§ **ASSIGNED TASK**:
Beginning with the line that has "2018年4月14日上午,我" and ending with the line that has "ce sweat possède", retype the entries below exactly, except for the pictures.

-- RECORD SET follows --

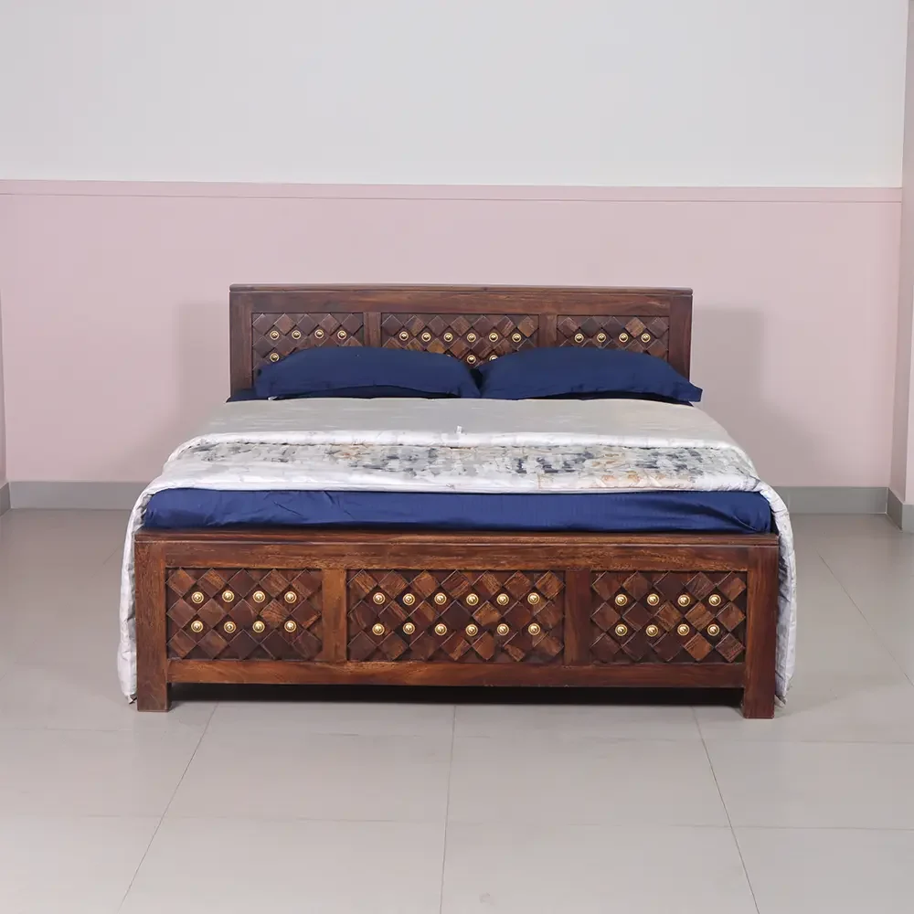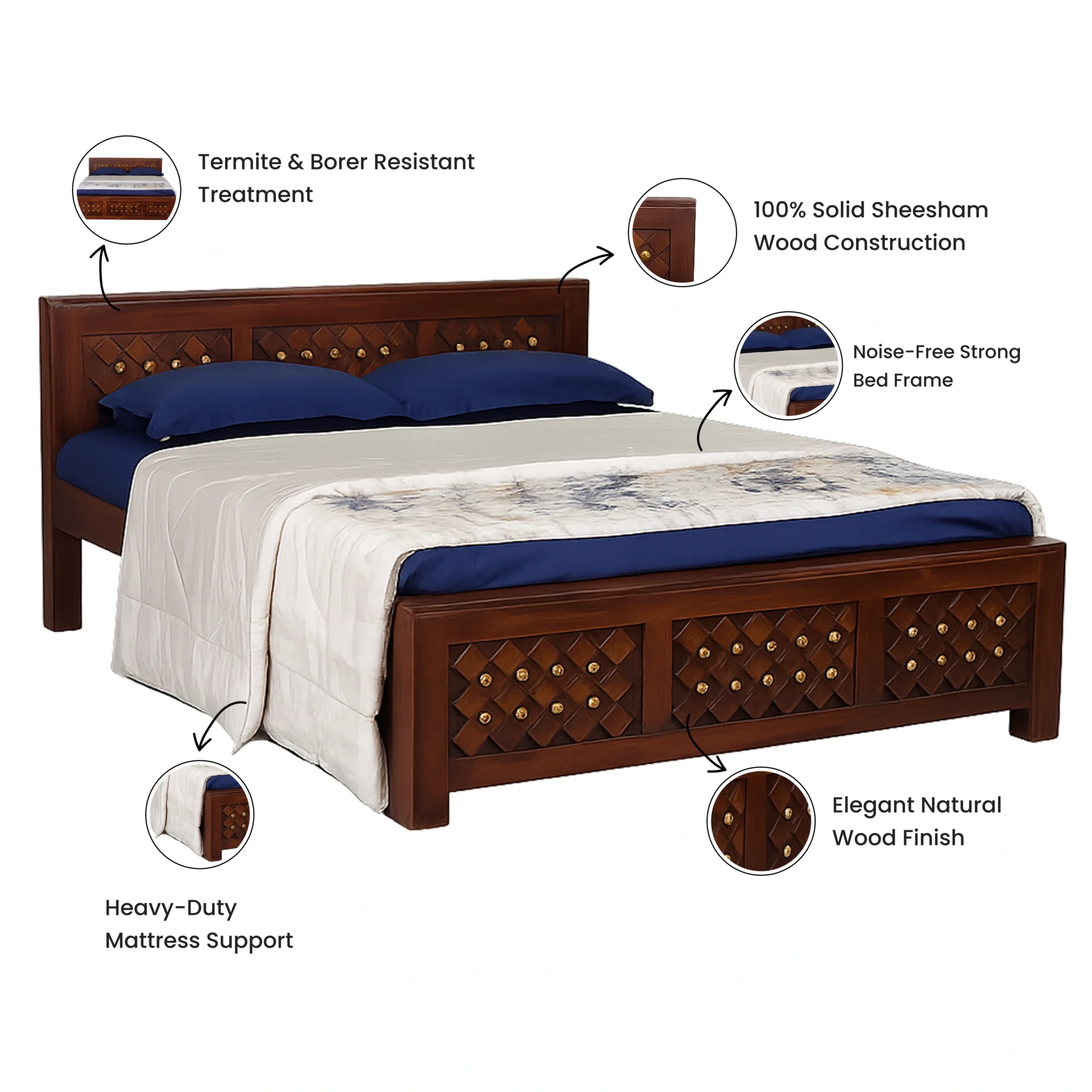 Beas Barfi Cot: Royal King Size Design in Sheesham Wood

-- RECORD SET concluded --
-- RECORD SET follows --

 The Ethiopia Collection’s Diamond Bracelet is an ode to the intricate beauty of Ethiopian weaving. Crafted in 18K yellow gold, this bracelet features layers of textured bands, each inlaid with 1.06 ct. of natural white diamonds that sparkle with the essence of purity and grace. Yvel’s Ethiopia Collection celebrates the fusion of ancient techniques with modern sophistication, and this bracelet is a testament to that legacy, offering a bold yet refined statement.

-- RECORD SET concluded --
-- RECORD SET follows --

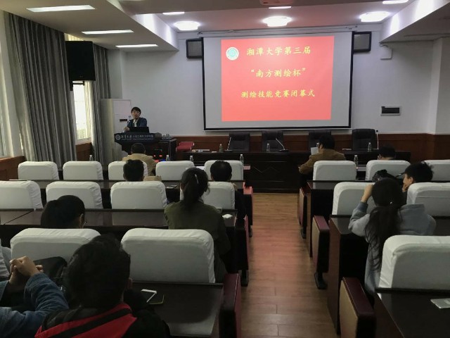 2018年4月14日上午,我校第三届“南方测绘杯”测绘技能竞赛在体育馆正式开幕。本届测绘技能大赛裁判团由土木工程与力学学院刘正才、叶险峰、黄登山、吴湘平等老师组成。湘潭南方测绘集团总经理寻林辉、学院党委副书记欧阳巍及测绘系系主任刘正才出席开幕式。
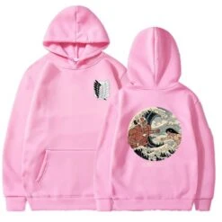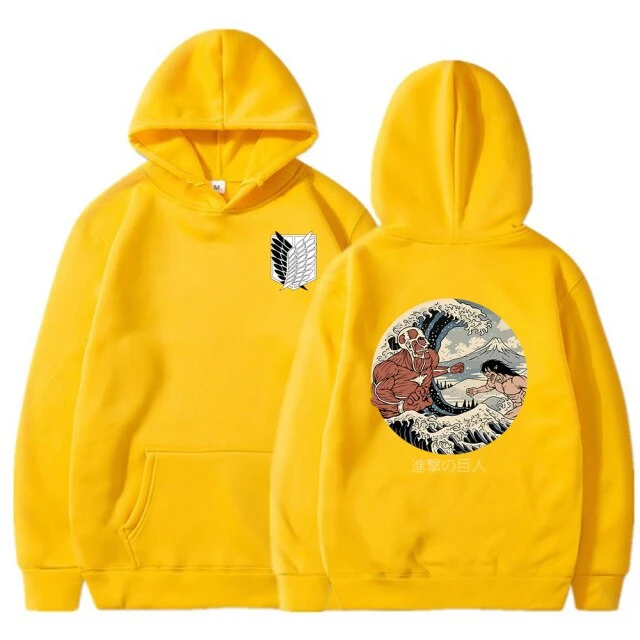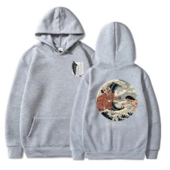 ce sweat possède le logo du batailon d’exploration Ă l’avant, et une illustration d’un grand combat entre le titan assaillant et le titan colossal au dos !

-- RECORD SET concluded --

§ **SOLUTION FOR THIS PROBLEM**:
 2018年4月14日上午,我校第三届“南方测绘杯”测绘技能竞赛在体育馆正式开幕。本届测绘技能大赛裁判团由土木工程与力学学院刘正才、叶险峰、黄登山、吴湘平等老师组成。湘潭南方测绘集团总经理寻林辉、学院党委副书记欧阳巍及测绘系系主任刘正才出席开幕式。
 ce sweat possède le logo du batailon d’exploration Ă l’avant, et une illustration d’un grand combat entre le titan assaillant et le titan colossal au dos !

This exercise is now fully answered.